Highly Pathological Influenza A Virus Infection Is Associated with Augmented Expression of PD-1 by Functionally Compromised Virus-Specific CD8+ T Cells

ABSTRACT One question that continues to challenge influenza A research is why some strains of virus are so devastating compared to their more mild counterparts. We approached this question from an immunological perspective, investigating the CD8+ T cell response in a mouse model system comparing high- and low-pathological influenza virus infections. Our findings reveal that the early (day 0 to 5) viral titer was not the determining factor in the outcome of disease. Instead, increased numbers of antigen-specific CD8+ T cells and elevated effector function on a per-cell basis were found in the low-pathological infection and correlated with reduced illness and later-time-point (day 6 to 10) viral titer. High-pathological infection was associated with increased PD-1 expression on influenza virus-specific CD8+ T cells, and blockade of PD-L1 in vivo led to reduced virus titers and increased CD8+ T cell numbers in high- but not low-pathological infection, though T cell functionality was not restored.
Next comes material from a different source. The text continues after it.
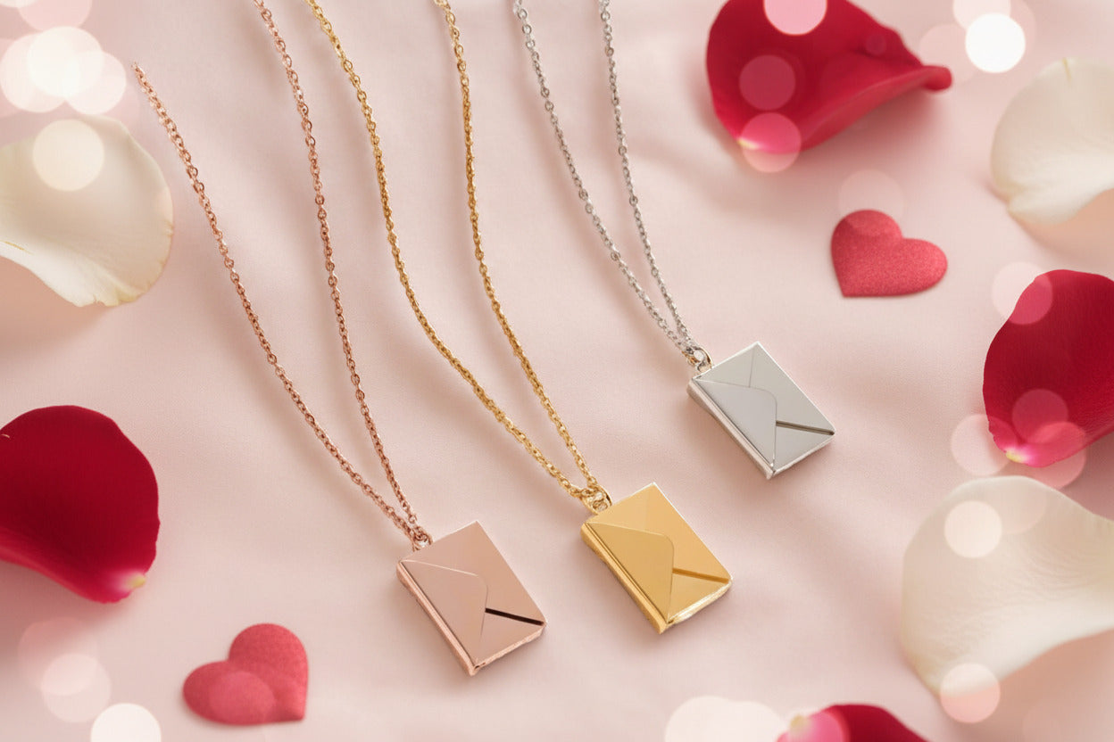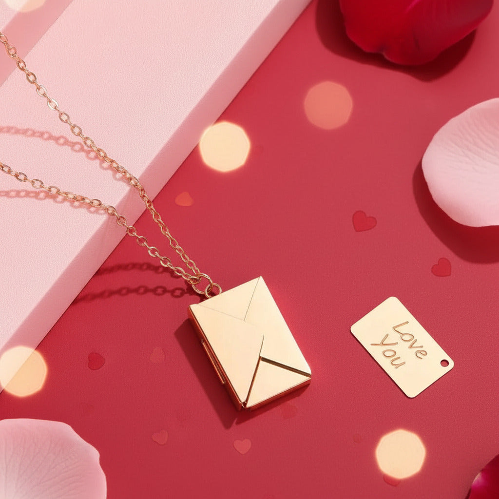 Envelope locket necklace offered in gold, rose gold, and silver. This romantic pendant with a 'Love You' secret message is an ideal gift for couples.

These data show that high-pathological acute influenza virus infection is associated with a dysregulated CD8+ T cell response, which is likely caused by the more highly inflamed airway microenvironment during the early days of infection. Therapeutic approaches specifically aimed at modulating innate airway inflammation may therefore promote efficient CD8+ T cell activity. IMPORTANCE We show that during a severe influenza virus infection, one type of immune cell, the CD8 T cell, is less abundant and less functional than in a more mild infection. This dysregulated T cell phenotype correlates with a lower rate of virus clearance in the severe infection and is partially regulated by the expression of a suppressive coreceptor called PD-1. Treatment with an antibody that blocks PD-1 improves T cell functionality and increases virus clearance.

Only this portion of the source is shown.